Key Stats for Oracle Stock
- Price Change from 52-week high for $ORCL stock: -16%
- Current Share Price: $277
- 52-Week High: $346
- $ORCL Stock Price Target: $345
What Happened?
Last Friday, Oracle (ORCL) stock suffered its worst single-day decline since January, plunging 7% after investors took a step back to digest the software giant’s ambitious long-term targets unveiled at its AI World conference in Las Vegas.
The selloff came despite an initially positive reaction on Thursday when shares rose 3% following the company’s financial outlook presentation.
At the analyst meeting, Oracle laid out stunning projections for fiscal 2030. It expects cloud infrastructure revenue to explode from $18 billion in fiscal 2026 to $166 billion by 2030.

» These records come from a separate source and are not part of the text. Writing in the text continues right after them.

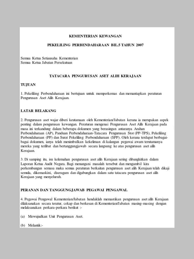 Pekeliling Perbendaharaan Pp Bil 5 Tahun 2007 Tatacara
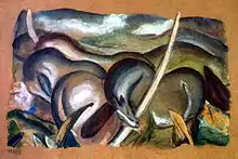 - une gouache[1] de Franz Marc : Pferde in Landschaft ;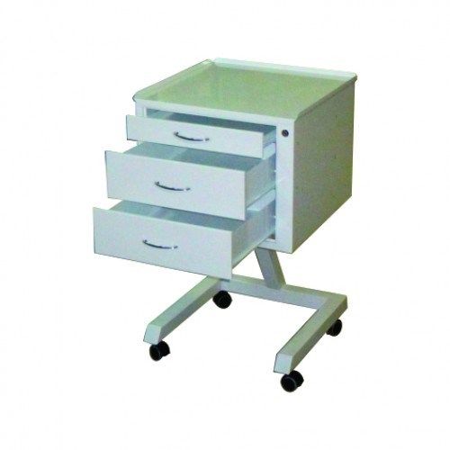 Столик стоматолога металлический, столешница с трехсторонней отбортовкой, 3 ящика, на роликовых направляющих.

Total revenue is projected to surpass $225 billion with adjusted earnings of $21 per share. That implies annualized sales growth exceeding 31% over the next five years.
If Oracle hits these targets, revenue and earnings per share would grow nearly 4x in just five years, the fastest organic growth in over 15 years.
CFO Doug Kehring noted that among S&P 500 companies with more than $50 billion in revenue, fewer than five are growing faster than Oracle over the next 12 months.
But Friday’s decline suggests investors are questioning whether these projections are achievable. RBC Capital Markets analyst Rishi Jaluria, who rates the stock a hold, told CNBC the stock may need “a bit of a breather” as investors digest the numbers and assess achievability.
The skepticism centered on execution risk, given the massive infrastructure buildout required.
Oracle recently announced a five-year deal with OpenAI worth over $300 billion to provide AI chip access. In September, Oracle reported remaining performance obligations of $455 billion, up 359% year-over-year.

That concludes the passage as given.